Newly appointed Health Secretary Therese Coffey has already vowed to end the scandal, which has ballooned to record levels and is believed to cost taxpayers an estimated £2bn a year.

This will help avoid deadly ambulance delays by preventing paramedics from queuing outside A&E waiting for a bed to become available. It will also boost efforts to address the Covid-induced backlog of care, by freeing up space to allow more patients in.

In an effort to prevent a collapse of the NHS this winter, Dr Coffey revealed yesterday that she would be giving the crippled social care sector £500m of emergency funding.

The figures, which reflect the week ending September 14, are based on samples of thousands of people.

Sarah Crofts, deputy director of the ONS Covid Infection Survey, said: “Today’s data shows a mixed picture across the UK, with increases in England and Wales, while infections in Scotland and Northern Ireland have decreased.”

“It is too early to see if these changing trends will continue, and we will be monitoring the data closely for any impact from the return of schools in the coming weeks.”

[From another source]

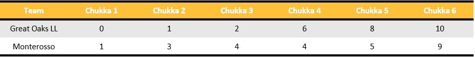 A slow, controlled pace was set over the opening two chukkas as Ignacio Toccalino led Monterosso’s attack. A Penalty 2 conversion provided the only offense in the first chukka with Great Oaks LL unable to convert any of their three attempts at goal. Adding two more goals in the following chukka, Toccalino continued to lead Monterosso on the offensive end, while David Stirling effectively prevented Great Oaks LL from providing a response. The low-scoring first half ended with a Penalty 2 conversion and field goal from Castagnola, but those were the only goals Great Oaks LL could generate, trailing 4-2 entering halftime.

The most up-to-date statistics from England’s NHS show that Covid pressures are also increasing in hospitals, mirroring the rise in the community.

Some 781 virus-related admissions were recorded on September 19, an increase of about 17 percent from the previous week.

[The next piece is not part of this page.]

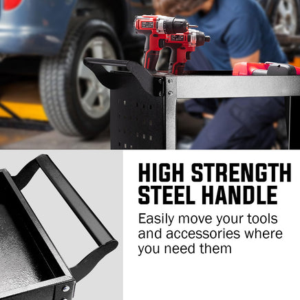 Bullet 3-Tier Steel Tool Trolley Cart, for Workshop, Mechanic, with Pegboard, Screwdriver Bay, Black SALE

Yet the death toll is only a fraction of the levels seen during the darkest days of the pandemic, when more than 4,000 new patients needed NHS care every day.

Also, not all of these patients require treatment for the virus.

Only a third of infected patients occupying NHS beds are primarily ill with Covid, with the rest testing positive incidentally and receiving care for other conditions, such as a broken leg or heart disease.

And the number of patients receiving direct treatment for covid is about one-eighth that of so-called bed blockers.

But the virus appears to be spreading rapidly in NHS wards. Likely hospital-acquired infections have risen by nearly 50 percent to 1,133 in England in the past week, analysts believe.

Although Covid pressures are expected to mount in the coming weeks, Liz Truss’s government is unlikely to reapply restrictions after her former boss, Boris Johnson, chose the “living with Covid” approach.

Under the plan designed to free Britain from its shackles of Covid in a post-lockdown world, mandatory isolation rules, free testing and guidance to work from home have been scrapped.

Instead, ministers put their trust in vaccines, which have dramatically mitigated the threat of the virus over time, transforming it into something more like the flu, a seasonal virus the country lives with every year.

This month saw the official launch of the Fall Covid Booster Program, which is now open to seniors 65+, caregivers and pregnant women.

Some 26 million people in the UK will be offered their booster top-up in the coming months.